The steering gives off a feeling of heft and command based on how heavy it is. However, I’m not a huge fan of the meaty steering wheel, but I know that some people prefer it.
Interior Hits and Misses
It’s hard to fall in love with the interior. While the materials are much improved throughout the cabin with a lot of soft-touch plastics, there’s a bit too much hard, cheap-feeling stuff too, which could rattle and scratch easily. The two-tone setup in this tester also wasn’t really attractive and looked like it was inspired by a Rubbermaid bin.
At least the interior is filled with features. There’s the big UConnect touchscreen, which is quick and easy to use (when it’s working), and there’s a nice big screen between the gauges for the driver. The center console is user-friendly enough but looks a bit busy due to a lot of buttons that aren’t that useful.
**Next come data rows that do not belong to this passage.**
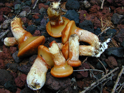 傘には強い粘性がある。カラマツ混じりの日当たりの良い場所を好む。林内の苔むした倒木や岩などに発生する。幼菌時、菅孔は強靭な膜に覆われています。味はグッドですが、図鑑によっては毒キノコ扱いです。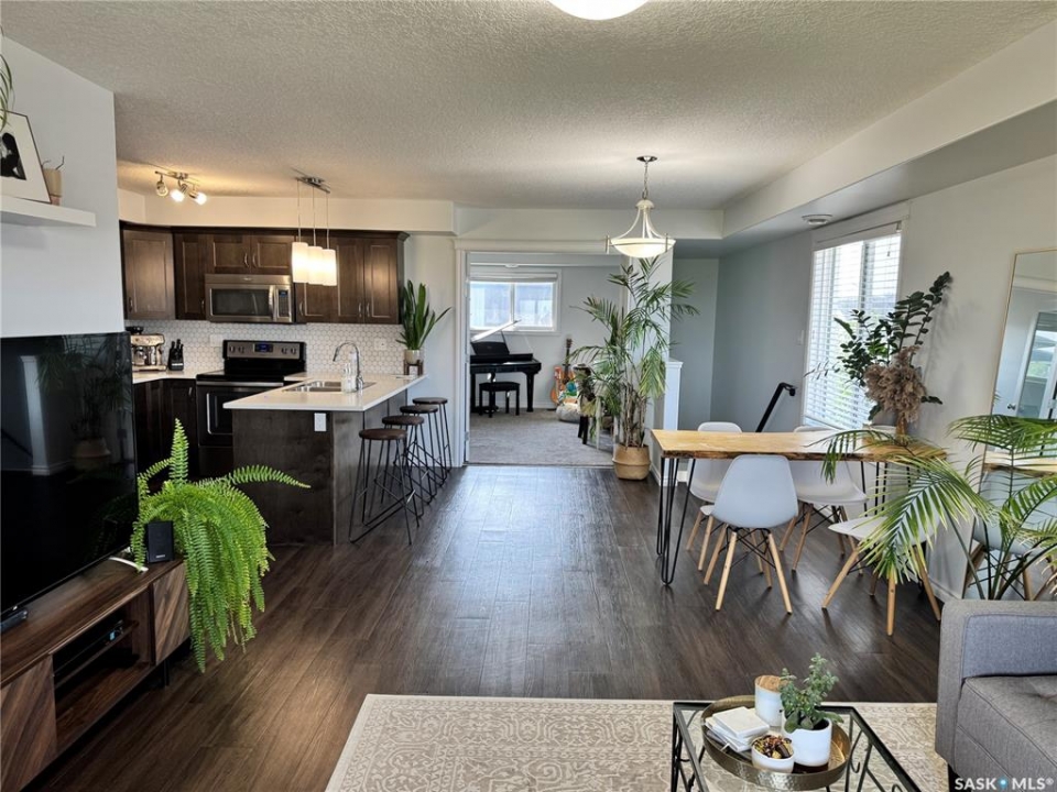 Park Views, Sunlight, and Style—This Corner Condo Has It All! Welcome to your top-floor retreat, a spacious 1,260 sq ft corner unit that blends modern finishes with unbeatable convenience. Overlooking the park and just steps from schools, shops, and everyday amenities, this home offers the perfect mix of comfort and lifestyle. Step inside through a private entry with a roomy coat closet and head up to the bright, open-concept living and dining area. Thanks to its corner location, this home is drenched in natural light from extra windows, creating a warm and inviting atmosphere. The kitchen is a true standout—complete with maple cabinetry, quartz countertops, stainless steel appliances, a stylish custom backsplash, pantry, and a huge eat-up peninsula that's perfect for family gatherings or entertaining friends. With three generous bedrooms, you'll have all the space you need. One bedroom features elegant French doors, making it an ideal home office, while the primary suite boasts a luxurious four-piece ensuite. An additional four-piece bathroom ensures comfort and convenience for guests or family members. This move-in-ready condo also comes equipped with air conditioning and a large balcony where you can relax and enjoy the park views. Parking is a breeze with a single detached garage, an electrified surface stall, and ample street parking right outside your door. Stylish, spacious, and perfectly located—this home is a complete package at an incredible price.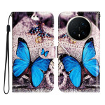 Elegante Brieftasche mit aufgedrucktem blauen Schmetterlingsmotiv für Honor Magic 8 Pro 5G. Anspruchsvolles Design mit Multi-Winkel-Haltefunktion, sicherem Magnetverschluss und abnehmbarer Handschlaufe. Schützt Ihr Handy und hält gleichzeitig Karten und Bargeld griffbereit.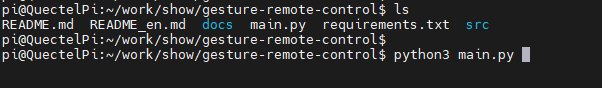 在gesture-remote-control文件夹下执行main.py程序启动脚本。
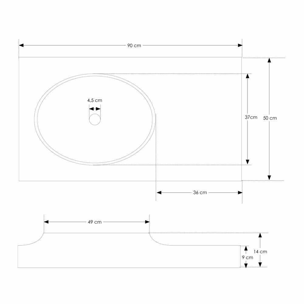 - eine Hängeplatte aus weißem Istone Mineralwerkstoff mit integriertem Waschbecken mit 90 x 50 x 10 cm Ablaufabdeckung (mit Überlaufsystem);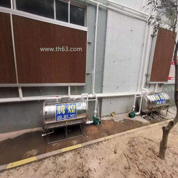 冷風(fēng)機廠家騰煌濕簾安裝使用是由兩部分組成:騰煌濕簾片和金屬邊框,通過金屬外框?qū)⑵淅卫蔚姆€(wěn)固在安裝窗戶口。騰煌濕簾降溫系統(tǒng)在其核心——濕簾紙內(nèi)完成的。在波紋狀的纖維紙表面有層薄的水膜,當(dāng)室外的干熱空氣被風(fēng)機抽吸穿過濕簾紙時,水膜中的水會吸收空氣中的熱量后蒸發(fā),帶走大量潛熱,使經(jīng)過濕簾紙的空氣溫度降低,經(jīng)過這樣處理后的涼爽濕潤空氣進入室內(nèi)。與室內(nèi)的熱空氣混合后,通過風(fēng)機排出室外。

The Compass lacks cubbies and places to store things like cellphones, wallets, and keys. The door pockets are fairly small, as is the armrest, and this lack of at-hand storage is a big criticism with the Compass.
Additionally, the rear seats are a bit tight, and I’m not thrilled with the cargo space either. Seats up or down, it’s shallow and it also has a pretty high load floor.
Tech-wise, the Compass has most of what you want including forward collision warning, blind spot monitoring, and lane keeping assist, as well as a great reverse camera. I do wish it had adaptive cruise control, though.
The base Compass starts at $25,490 for a front-wheel drive model, while this fully loaded all-wheel-drive example rings up at $34,405 ($43,890 in Canada). That’s a tough spot because it’s not far from a fully loaded crossover like the Honda CR-V or Mazda CX-5, both of which have won our Utility Vehicle of the Year award in the past.
The Verdict: 2018 Jeep Compass Limited Review
But those other crossovers just don’t have the reputation for capability that comes with the Jeep badge and nameplate. This is what makes it a Jeep, and for some, that’s worth the price tag, but don’t overlook the fact that this mini-Grand Cherokee has a few drawbacks.